The Doctors Who Cut Out Your Appendix to Fix Your Head

Article

In the early 20th century, British and American doctors looked for the causes of mental illnesses elsewhere in the body, with gruesome results.

In 1959 I had finished my last term at school and had 3 months of freedom before going off to university. So what did I do? Nothing dramatic. I cycled 3 miles from my home to Rubery Hill Hospital, formerly the Birmingham City Asylum (this is Birmingham, England, not Birmingham, Alabama), to ask if I could work there as a volunteer.
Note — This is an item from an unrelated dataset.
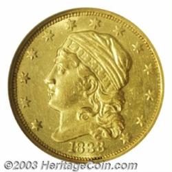 <TABLE cellSpacing=0 cellPadding=0 width="100%" bgColor=#000000 border=0><TBODY><TR><TD width="100%"><TABLE cellSpacing=1 cellPadding=3 width="100%" border=0><TBODY><TR><TD width="100%" bgColor=#79735c><FONT face=arial color=#ffffff size=3><B>Description</B> </FONT></TD></TR><TR><TD width="100%" bgColor=#ffffff><FONT face=arial size=2><B>1833 $2 1/2 MS62 NGC.</B></I> Few other early types can compete with the Capped Bust Left series of Quarter Eagles for consistently low mintage and rarity. Most were victims of melting within a few years after their production as the intrinsic value of the gold content exceeded the face value. Among the most challenging dates in the series, the 1833 compares favorably in rarity with all but the elusive 1834 Motto, an issue that saw almost its entire mintage melted. This bright yellow-gold survivor comes somewhat weakly struck in the centers and on the obverse stars, as is normally seen, with a series of adjustment marks noted across the eagle's shield. An important offering for the early gold specialist. Population: 2 in 62, 3 finer (7/03). </FONT></TD></TR></TBODY></TABLE></TD></TR></TBODY></TABLE><BR><A name=PricesRealized></A><TABLE cellSpacing=0 cellPadding=0 width="100%" bgColor=#000000 border=0><TBODY><TR><TD width="100%"><TABLE cellSpacing=1 cellPadding=3 width="100%" border=0><TBODY><TR><TD width="100%" bgColor=#79735c><A name=PR><FONT face=arial color=#ffffff size=3><B>Previous Prices from Heritage Auctions</B> </FONT></A></TD></TR><TR><TD bgColor=#f6f6ed>No Prior Data Recorded </TD></TR><TR><TD bgColor=#ffffff><FONT face=arial size=1 ?>PLEASE NOTE: All prices realized reflect the final hammer price PLUS the buyer's premium in auctions that charge a buyer's premium. Each item has a notation at the top of the listing indicating whether that lot included a buyer's premium. Example: A item that sells with a final hammer price of $100 and a 20% buyer's premium will display with a price realized of $120. All information listed is intended to be as accurate as possible, but errors are possible. Please use this guide carefully and inform us of any inaccuracies. </FONT></TD></TR></TBODY></TABLE></TD></TR></TBODY></TABLE><BR><TABLE cellSpacing=0 cellPadding=0 width="100%" bgColor=#000000 border=0><TBODY><TR><TD width="100%"><TABLE cellSpacing=1 cellPadding=3 width="100%" border=0><TBODY><TR><TD width="100%" bgColor=#79735c colSpan=6><FONT face=arial color=#ffffff size=3><B>Price Guide*</B> </FONT></TD></TR><TR bgColor=#f6f6ed><TD align=middle><B>Grade</B> </TD><TD align=middle><B>Coin World<BR>(Trends)</B> </TD><TD align=middle><B>Numismedia<BR>Retail</B> </TD><TD align=middle><B>Numismedia<BR>Wholesale</B> </TD><TD align=middle><B>Coin<BR>Universe</B> </TD><TD align=middle><B>Heritage<BR>Value Index</B> </TD></TR><TR bgColor=#ffffff><TD align=middle>61</TD><TD align=right>---</TD><TD align=right>---</TD><TD align=right>$13,500.00</TD><TD align=right>$12,750.00</TD><TD align=right>$11,741.67</TD></TR><TR style="FONT-WEIGHT: bold" bgColor=#cccfdd><TD align=middle>62</TD><TD align=right>$25,000.00</TD><TD align=right>---</TD><TD align=right>$17,500.00</TD><TD align=right>---</TD><TD align=right>$16,662.50</TD></TR><TR bgColor=#ffffff><TD align=middle>63</TD><TD align=right>$35,000.00</TD><TD align=right>---</TD><TD align=right>$24,500.00</TD><TD align=right>---</TD><TD align=right>$21,925.00</TD></TR><TR bgColor=#ffffff><TD colSpan=6><FONT size=1>*All information listed is intended to be as accurate as possible, but errors are possible. No item may be returned or refused based on this information which is provided as a service to our customers. You should contact each pricing source directly to determine the accuracy of this information. </FONT></TD></TR></TBODY></TABLE></TD></TR></TBODY></TABLE><BR><TABLE cellSpacing=0 cellPadding=0 width="100%" bgColor=#000000 border=0><TBODY><TR><TD width="100%"><TABLE cellSpacing=1 cellPadding=3 width="100%" border=0><TBODY><TR><TD width="100%" bgColor=#79735c><FONT face=arial color=#ffffff size=3><B>Population Guide</B> </FONT></TD></TR><TR bgColor=#ffffff><TD align=middle><!-- Begin Output of Population Grid--><TABLE cellSpacing=0 cellPadding=0 width="100%" border=0><TBODY><TR><TD vAlign=center><TABLE cellSpacing=0 width="100%" border=1 cellsadding="3"><TBODY><TR><TD vAlign=center><TABLE cellSpacing=0 cellPadding=3 width="100%" border=1><TBODY><TR><TD vAlign=center align=middle bgColor=#f0f1e8 colSpan=2 <CENTER><FONT face=Arial size=2><B>PCGS Pop </B></FONT><CENTER></CENTER></TD><TD vAlign=center align=middle bgColor=#f0f1e8 colSpan=2><CENTER><FONT face=Arial size=2><B>NGC Pop</B></CENTER></FONT></TD></TR><TR><TD vAlign=center><FONT face=Arial size=2>(62)</FONT> </TD><TD vAlign=center align=right><FONT face=Arial size=2>4</FONT> </TD><TD vAlign=center><FONT face=Arial size=2>(62)</FONT> </TD><TD vAlign=center align=right><FONT face=Arial size=2>2</FONT> </TD></TR><TR><TD vAlign=center><FONT face=Arial size=2>(>62)</FONT> </TD><TD vAlign=center align=right><FONT face=Arial size=2>5</FONT> </TD><TD vAlign=center><FONT face=Arial size=2>(>62)</FONT> </TD><TD vAlign=center align=right><FONT face=Arial size=2>3</FONT> </TD></TR></TBODY></TABLE></TD></TR></TBODY></TABLE></TD></TR></TBODY></TABLE><!-- End Output of Population Grid--> Important notice: Heritage usually auctions material at the rate of 200-250 lots per hour. On some occasions eBay Live bid software or the Internet may not be able to keep up with the pace of the auction. We recommend placing a realistic absentee bid now as insurance to avoid disappointment. Occasionally the auctioneer may eliminate or reject an eBay Live bid, and the auctioneer may also reopen a lot after the close of the eBay live bidding (usually because we missed an audience bid), and may reject your bid even if it shows you as the winning bidder. By bidding via eBay Live, you agree that Heritage may award the lot to another bidder at its sole discretion under the circumstances described ab

I was not accepted. The union representative said it would “undermine their negotiating position,” and so I left. But I did notice 1 thing while I was waiting there: the hospital was exceptionally clean. I now know the bloody story behind the cleanliness. Its main character was still present, just down the road, only a mile or 2 from my house.

Thomas Chivers Graves was born in 1883 in Cambridgeshire. He was the grandson of Stephen Chivers, the founder of the famous Chivers jams, but his family was not close enough to the successful fruit entrepreneurs, so Thomas grew up indigent. If his family had been wealthier, he would probably have had nothing to do with psychiatry, as he only went into the profession late.
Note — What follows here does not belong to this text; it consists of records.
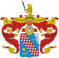 В щите имеющем голубое поле диагонально к правому верхнему углу означена полоса, составленная из серебряных и красного цвета шахмат. Над полосой видна выходящая из облака рука в серебряных латах, держащая ланец. Ниже полосы изображена золотая восьмиугольная звезда и под ней того же цвета металла луна рогами вверх (польский герб Лелива).
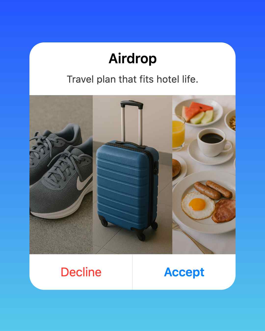 Feature visuals of sneakers, suitcase, and hotel breakfast with the headline “Travel plan that fits hotel life.” Landing page gives a one-week travel checklist and booking link for consults.
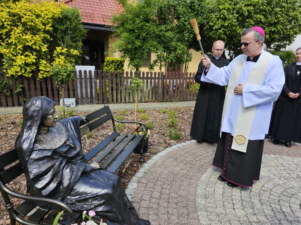 Ostrzeszów: bp Bryl poświęcił ławeczkę z figurą założycielki sióstr nazaretanek
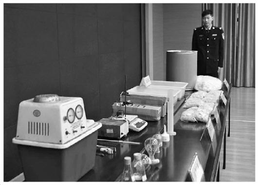 图为黄冈警方展示缴获的部分毒品及制毒工具。 张瑜 摄
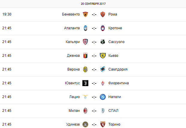 Football.ua представляет анонс матчей пятого тура чемпионата Италии, запланированных на среду, 20 сентября.
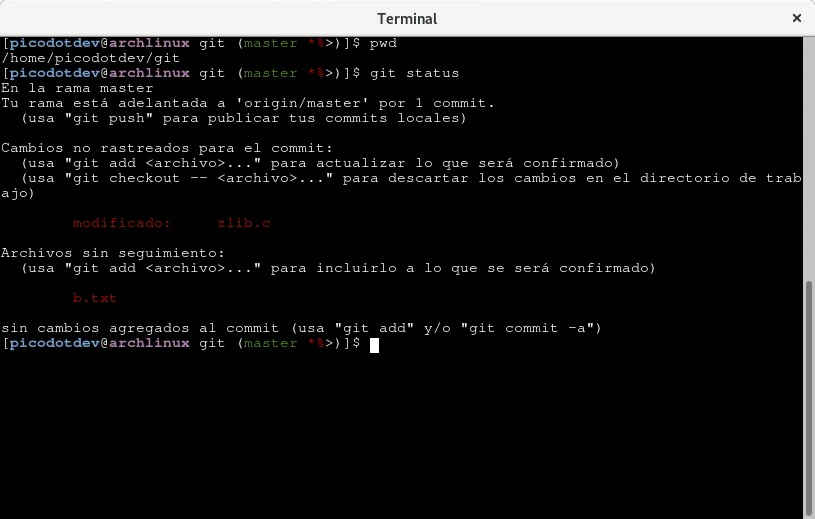Otro caso habitual es añadir la rama de git del directorio actual de trabajo y si esta tiene cambios como comento en Prompt de la terminal personalizado en carpetas de git con el intérprete Bash. El script necesario que proporciona Git es más complejo que el caso anterior pero con la misma finalidad, el script está en git-prompt.sh y requiere modificar la variable de entorno PS1 o bien PROMPT_COMMAND.

He obtained his Fellowship of the Royal Colleges of Surgeons (FRCS) in 1914, expecting to become a surgeon. But after the war he concluded he did not have the financial resources to become a surgeon, changed over to psychiatry, quickly qualified, and became medical superintendent of Rubery Hill and Hollymoor Hospitals in Birmingham. In retrospect he did not change; he retained the thinking of a surgeon.

Focal sepsis

He developed the idea, together with Henry Cotton, a psychiatrist from Trenton, New Jersey, that mental illness was a reaction to illness elsewhere in the body, now encapsulated in the words “auto-toxicity” and “focal sepsis.” Cotton had trained in Europe and also at Johns Hopkins Hospital, where he was a pupil of Adolf Meyer, who was the dominant figure in American psychiatry in the early years of the 20th century.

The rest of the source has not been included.